- Theatrical release poster
- Directed by: Poh Si Teng
- Produced by: Poh Si Teng; Kirstine Barfod; Reem Haddad;
- Cinematography: Ibrahim Al Otla; Chris Renteria;
- Edited by: Christopher White; Ema Ryan Yamazaki;
- Music by: Suad Bushnaq
- Production company: Tiny Boxer Films
- Distributed by: Watermelon Pictures
- Release dates: January 23, 2026 (Sundance); August 14, 2026 (United States);
- Running time: 93 minutes
- Countries: United States; State of Palestine; Malaysia; Qatar;
- Languages: English; Arabic;
- Box office: $1 million

= American Doctor =

2026 documentary film by Poh Si Teng

American Doctor is a 2026 documentary film directed by Poh Si Teng. The film follows three American physicians of diverse backgrounds who travel to Gaza to provide medical aid during the conflict.

It premiered in the U.S. Documentary Competition at the 2026 Sundance Film Festival on January 23, 2026, and was released in the United States on August 14, 2026, by Watermelon Pictures.

==Premise==
The film follows three American physicians of different backgrounds. Dr. Mark Perlmutter is a Jewish American orthopedic surgeon from North Carolina; Dr. Thaer Ahmad is a Palestinian American emergency physician from Chicago; and Dr. Feroze Sidhwa is a trauma surgeon from California of Pakistani Parsi heritage. The three doctors operated primarily out of Nasser Hospital in Khan Younis during two visits to Gaza, before and after the 2025 ceasefire.

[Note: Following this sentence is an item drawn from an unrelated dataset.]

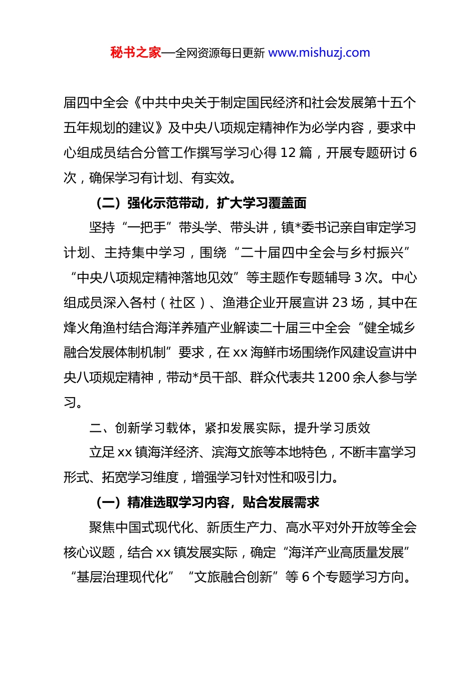 秘书之家—全网资源每日更新 www.mishuzj.comxx 镇*委理论学习中心组 2025 年工作总结及2026 年学习计划2025 年,xx 镇*委理论学习中心组严格按照《2025 年xx 市各级*委(*组)理论学习中心组专题学习重点内容安排》(台宣联〔2025〕9 号)要求,将中心组学习作为加强*委班子政治建设、提升干部队伍能力的核心载体,紧扣学习贯彻*的二十大及二十届三中、四中全会精神主线,扎实开展中央八项规定精神学习教育,全年组织集中学习 8 次、常态化学习 20次,圆满完成上级部署的学习任务,实现理论学习与实践工作深度融合,为 xx 镇海洋经济提质、乡村全面振兴等重点工作提供了坚强思想保障。现将 2025 年学习情况总结如下:一、锚定政治引领,深化理论武装,筑牢思想根基以强化政治建设为核心,将*的创新理论学习贯穿始终,推动学习往深里走、往实里走。(一)健全制度体系,规范学习推进紧扣上级要求制定《2025 年 xx 镇*委理论学习中心组专题学习重点内容安排》,完善“会前定题、会上研讨、会后落实”闭环机制。将*的二十大精神、二十届三中全会《中共中央关于进一步全面深化改革、推进中国式现代化的决定》、二十秘书之家—全网资源每日更新 www.mishuzj.com届四中全会《中共中央关于制定国民经济和社会发展第十五个五年规划的建议》及中央八项规定精神作为必学内容,要求中心组成员结合分管工作撰写学习心得 12 篇,开展专题研讨 6次,确保学习有计划、有实效。(二)强化示范带动,扩大学习覆盖面坚持“一把手”带头学、带头讲,镇*委书记亲自审定学习计划、主持集中学习,围绕“二十届四中全会与乡村振兴”“中央八项规定精神落地见效”等主题作专题辅导 3 次。中心组成员深入各村(社区)、渔港企业开展宣讲 23 场,其中在烽火角渔村结合海洋养殖产业解读二十届三中全会“健全城乡融合发展体制机制”要求,在 xx 海鲜市场围绕作风建设宣讲中央八项规定精神,带动*员干部、群众代表共 1200 余人参与学习。二、创新学习载体,紧扣发展实际,提升学习质效立足 xx 镇海洋经济、滨海文旅等本地特色,不断丰富学习形式、拓宽学习维度,增强学习针对性和吸引力。(一)精准选取学习内容,贴合发展需求聚焦中国式现代化、新质生产力、高水平对外开放等全会核心议题,结合 xx 镇发展实际,确定“海洋产业高质量发展”“基层治理现代化”“文旅融合创新”等 6 个专题学习方向。秘书之家—全网资源每日更新 www.mishuzj.com征订《*的二十届三中全会〈决定〉学习辅导读本》《*的二十届四中全会〈建议〉学习问答》等教材 40 余册,配套学习中央八项规定精神相关解读材料,确保学习内容既紧跟中央部署,又贴合本地实践。(二)丰富学习实现形式,增强学习活力采用“线上+线下”“理论+实践”“集中学+自学”相结合的方式,提升学习实效。线上依托学习强国、xx 融媒等平台开展常态化自学,线下邀请市委宣讲团成员作“二十届四中全会精神与‘十五五’规划解读”专题讲座 2 场;组织中心组成员赴 xx 滨海旅游示范区、斗山镇现代农业园考察学习,实地借鉴产业融合发展经验;结合“走基层、解难题”活动,将学习课堂搬到渔港码头、项目现场,围绕渔港智能化改造、滨海旅游线路优化等实际问题开展现场研讨。三、坚持学用结合,转化学习成果,推动工作落实把学习成果转化为破解难题、推动发展的实际成效,实现“学思用贯通、知信行统一”。(一)锚定发展重点,强化使命担当将理论学习与 xx 镇重点工作深度融合,围绕二十届三中全会“健全推动经济高质量发展体制机制”要求,谋划推进渔港升级改造、海洋养殖标准化建设等项目 8 个;结合二十届四中秘书之家—全网资源每日更新 www.mishuzj.com全会“完善民生保障制度体系”部署,解决群众反映强烈的渔港道路硬化、老旧小区供水改造等民生问题 15 件;落实中央八项规定精神,开展“作风建设提升年”活动,精简会议文件30%,规范公务接待、公车使用等流程,基层减负成效显著。(二)聚焦问题导向,提升决策水平引导中心组成员带着问题学、对着问题改,针对海洋产业链条短、文旅品牌影响力不足等短...

In an opening scene, Perlmutter demands that Teng show an unblurred photograph of babies killed in a missile strike, arguing that blurring the images would obscure the reality of events. The film documents the doctors' work in operating rooms and hospital corridors, their media appearances upon returning to the United States, and the death threats some received as a result of their public advocacy. The film also documents the particular difficulty Ahmad faced gaining entry to Gaza due to his Palestinian heritage, despite holding the same American credentials as his colleagues.

==Production==
Poh Si Teng is a Malaysia-born, New York-based journalist and filmmaker. She previously worked as a documentary commissioner for Al Jazeera English, a grants director at the International Documentary Association, and a journalist for the New York Times and ABC News. She produced St. Louis Superman and Patrice: The Movie.

Teng described her decision to make the film as personal desperation. "A year into the genocide, I didn't have any more words. I was very angry. And then came despair," she said at CPH:DOX in March 2026. She quit her job as a creative executive at ABC and spent approximately $150,000 of her personal savings to begin production, later raising nearly $200,000 in donations during fundraising trips to Malaysia. Production ran from December 2024 to December 2025. This film marks her feature directorial debut.

The film's two Gaza-based cinematographers, Ibrahim Al Otla and Christopher Renteria, filmed embedded with the doctors while themselves facing food shortages and the threat of bombardment. They uploaded footage daily via a balcony at Nasser Hospital that was later destroyed in an Israeli strike that killed 22 people including journalists and medical workers.

The production team includes producers Kirstine Barfod (known for The Cave) and Reem Haddad, with executive producers Simon Kilmurry and Hamza Ali. The film features music by composer Suad Bushnaq.

==Release==
American Doctor had its world premiere in the U.S. Documentary Competition section at the 2026 Sundance Film Festival on January 23, 2026. It also screened at the 2026 South by Southwest Film & TV Festival, Thessaloniki International Documentary Festival, True/False Film Festival, CPH:DOX, and the Hot Docs Canadian International Documentary Festival, where it won the Audience Award. In April 2026, Watermelon Pictures acquired distribution rights to the film. It was released in the United States on August 14, 2026.

==Reception==
 Metacritic, which uses a weighted average, assigned the film a score of 86 out of 100, based on 12 critics, indicating "universal acclaim".

Variety called the film's thesis "sharpest when depicting Perlmutter," praising Teng for revealing "the inherent inequality in whose stories get told, and who's allowed to be angry, indignant and morally correct." RogerEbert.com found it "a formidable debut, an unflinching view of a story we've heard about but might not fully understand," noting minor first-film issues including occasional intrusive music. Collider gave the film a 9/10, naming it as "one of the most important documentaries to come out of Sundance."

The Council on American-Islamic Relations called on streaming platforms worldwide to distribute the film, naming its subjects as "three heroic Americans" who show "the reality of Israel's genocide in Gaza."